Just on the heels of the Anonymous takeover of the US Sentencing Commission website, the New York Times is reporting that its network has been subject to persistent hacking over the last four months at the hands of Chinese attackers. The paper hasn’t released precise details on the nature of the attacks. However, this Symantec Threat Report is a nice primer on the makeup of cyber-attacks generally.

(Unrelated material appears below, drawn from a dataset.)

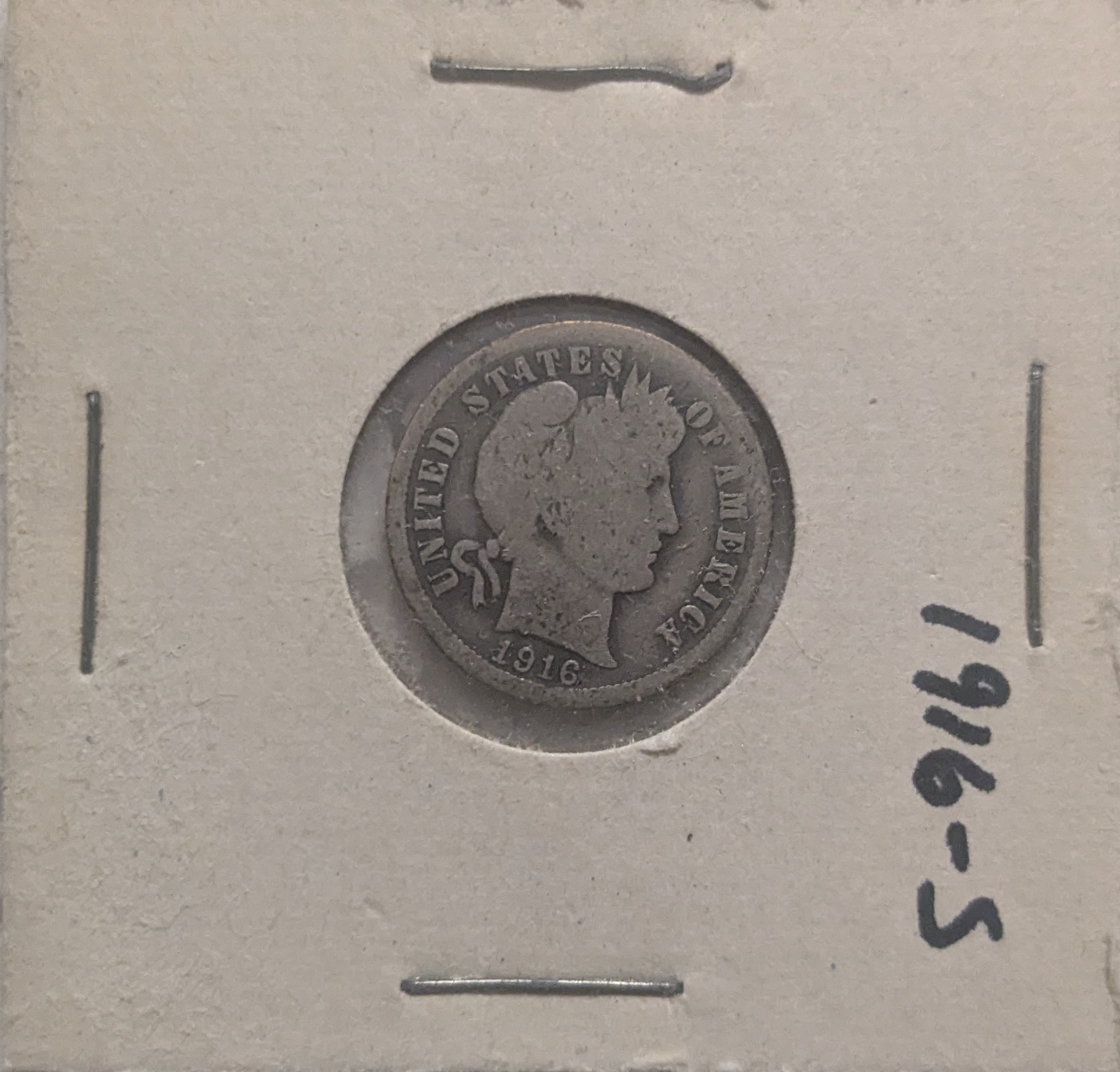 1916 S Barber dime - front

This attack is a good illustration of the difficulty of true attribution in cyberspace, especially in real time. The Times is confident enough to assign blame to China as headline news, and actually dedicate four pages of copy to laying out their case. The paper notes that the timing of the attacks coincides with the publication of reports critical of prime minister Wen Jiabao’s family. Additionally, the attacks were only aimed at gaining access to passwords and information related to the Wen family. And while the attacks were routed through US university servers, cyber-security experts traced the attacks to a strain of malware “associated with” previous attacks out of China. No doubt, it’s a mountain of circumstantial evidence. As far as attribution in cyber goes, this is as close to as good as it gets.
But is it proof? Not according to the Chinese:
Asked about evidence that indicated the hacking originated in China, and possibly with the military, China’s Ministry of National Defense said, “Chinese laws prohibit any action including hacking that damages Internet security.” It added that “to accuse the Chinese military of launching cyber-attacks without solid proof is unprofessional and baseless.”
As Herb Lin has argued more generally, the Times might be able to correctly attribute down to the machine used, the human operator, or the political party or force responsible. But it isn't likely to conclusively attribute to all three. The appropriate standard of guilt in this context depends on the goals of cyber attribution. If we hope to deter by criminal conviction, meeting the “beyond a reasonable doubt” could be a long wait. But a lower standard is required when making national security decisions---and editorial ones, apparently. Readers looking to dive deep on the complexities of attribution ought to start with David Clark and Susan Landau’s piece, Untangling Attribution.
Update (9:15): Jack correctly notes that "cyber attack" is a term of art and, from the few available details we have, this looks more like "cyber exploitation." The Times is using the term "attack" and we'll follow their lead until more is forthcoming. In the meantime, the 2009 NRC study Technology, Policy, Law, and Ethics Regarding U.S. Acquisition and Use of Cyberattack Capabilities nicely spells out the difference.